## Task item
In the material below, the lines between the one holding "为深入学习贯彻党的创新理论,进一步筑牢学" and the one holding "Sleman – Menteri", inclusive, are to be set down word for word. Pictures stay out.

## Dataset entries
──────

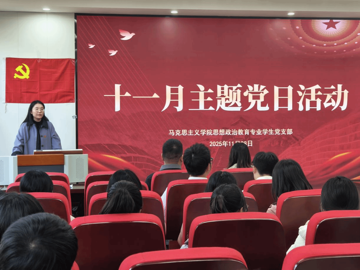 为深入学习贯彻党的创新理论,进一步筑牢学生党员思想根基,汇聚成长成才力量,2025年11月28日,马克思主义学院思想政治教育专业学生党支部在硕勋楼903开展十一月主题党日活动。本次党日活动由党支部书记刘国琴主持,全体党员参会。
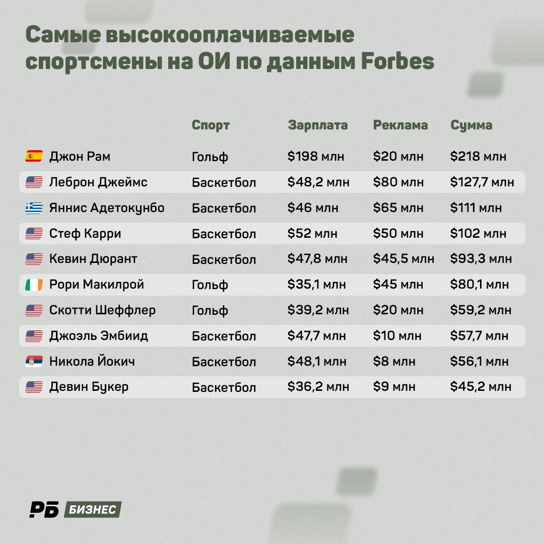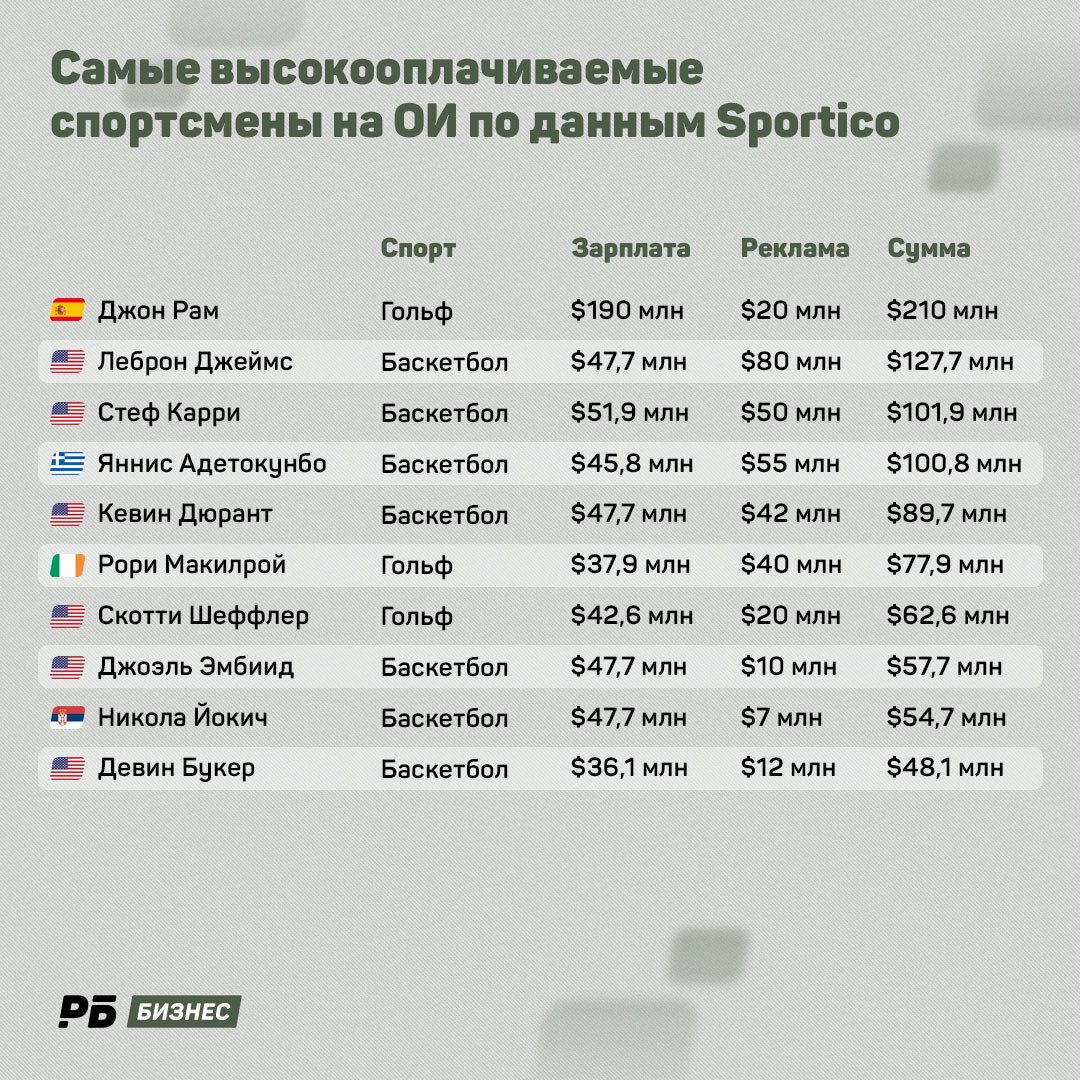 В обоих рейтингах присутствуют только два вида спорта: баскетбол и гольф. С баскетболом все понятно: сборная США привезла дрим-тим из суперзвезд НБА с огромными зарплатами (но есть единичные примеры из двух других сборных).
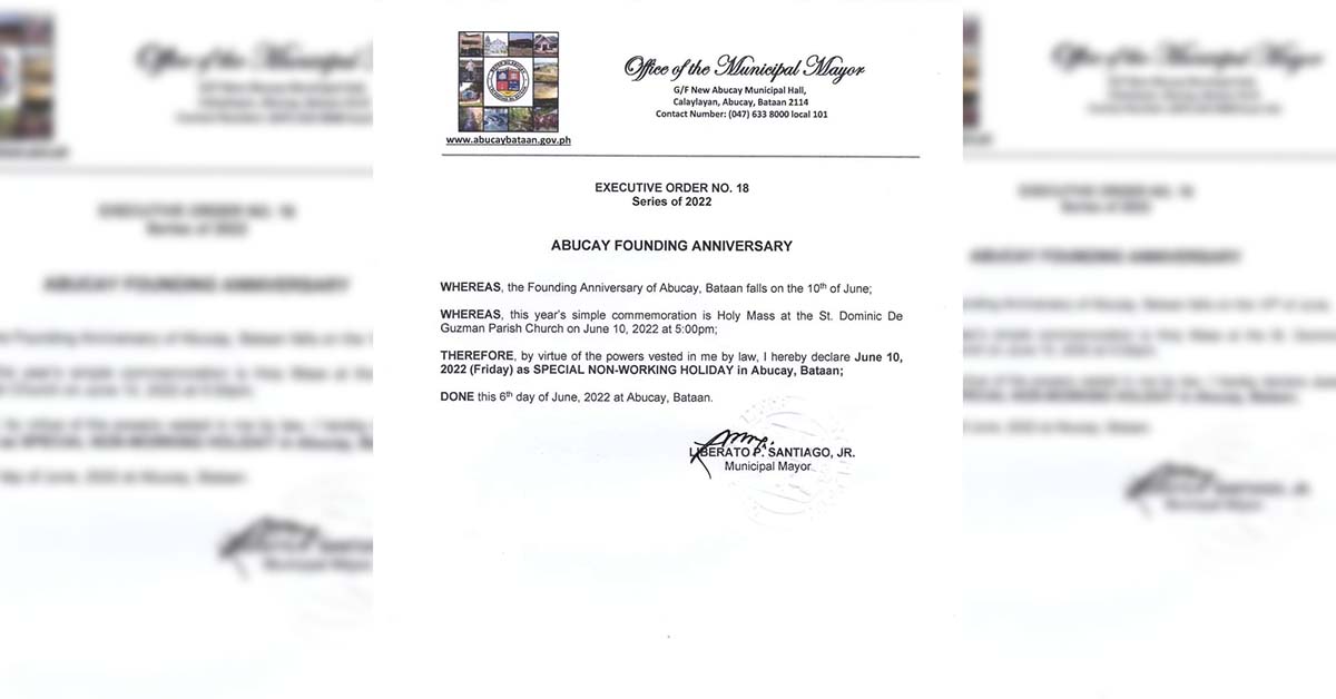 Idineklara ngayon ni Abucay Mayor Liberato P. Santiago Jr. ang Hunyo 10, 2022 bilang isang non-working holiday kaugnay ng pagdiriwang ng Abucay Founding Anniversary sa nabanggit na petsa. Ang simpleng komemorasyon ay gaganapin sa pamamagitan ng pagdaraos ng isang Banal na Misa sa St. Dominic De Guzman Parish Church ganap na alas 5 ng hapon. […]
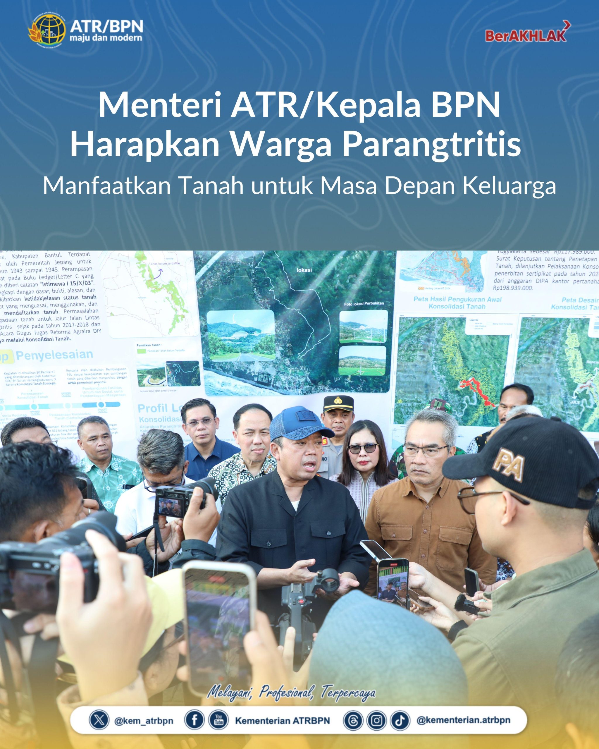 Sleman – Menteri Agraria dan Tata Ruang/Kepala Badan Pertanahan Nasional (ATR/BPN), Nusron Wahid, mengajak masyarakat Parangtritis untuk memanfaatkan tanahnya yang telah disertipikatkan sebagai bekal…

──────

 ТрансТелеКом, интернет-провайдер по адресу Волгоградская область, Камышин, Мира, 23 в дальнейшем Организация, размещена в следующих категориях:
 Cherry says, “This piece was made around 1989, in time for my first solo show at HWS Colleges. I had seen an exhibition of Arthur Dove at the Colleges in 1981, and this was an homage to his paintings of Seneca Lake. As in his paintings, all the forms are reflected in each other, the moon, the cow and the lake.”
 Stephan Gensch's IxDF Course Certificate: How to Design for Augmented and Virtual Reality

──────

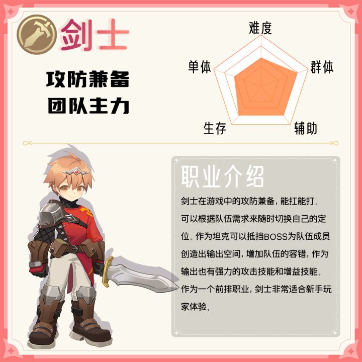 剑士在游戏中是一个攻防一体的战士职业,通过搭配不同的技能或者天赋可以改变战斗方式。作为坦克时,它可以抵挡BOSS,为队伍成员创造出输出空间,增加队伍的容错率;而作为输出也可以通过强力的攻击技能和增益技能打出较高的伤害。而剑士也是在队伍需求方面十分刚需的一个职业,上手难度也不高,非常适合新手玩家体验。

──────

## Result of the task
 为深入学习贯彻党的创新理论,进一步筑牢学生党员思想根基,汇聚成长成才力量,2025年11月28日,马克思主义学院思想政治教育专业学生党支部在硕勋楼903开展十一月主题党日活动。本次党日活动由党支部书记刘国琴主持,全体党员参会。
 В обоих рейтингах присутствуют только два вида спорта: баскетбол и гольф. С баскетболом все понятно: сборная США привезла дрим-тим из суперзвезд НБА с огромными зарплатами (но есть единичные примеры из двух других сборных).
 Idineklara ngayon ni Abucay Mayor Liberato P. Santiago Jr. ang Hunyo 10, 2022 bilang isang non-working holiday kaugnay ng pagdiriwang ng Abucay Founding Anniversary sa nabanggit na petsa. Ang simpleng komemorasyon ay gaganapin sa pamamagitan ng pagdaraos ng isang Banal na Misa sa St. Dominic De Guzman Parish Church ganap na alas 5 ng hapon. […]
 Sleman – Menteri Agraria dan Tata Ruang/Kepala Badan Pertanahan Nasional (ATR/BPN), Nusron Wahid, mengajak masyarakat Parangtritis untuk memanfaatkan tanahnya yang telah disertipikatkan sebagai bekal…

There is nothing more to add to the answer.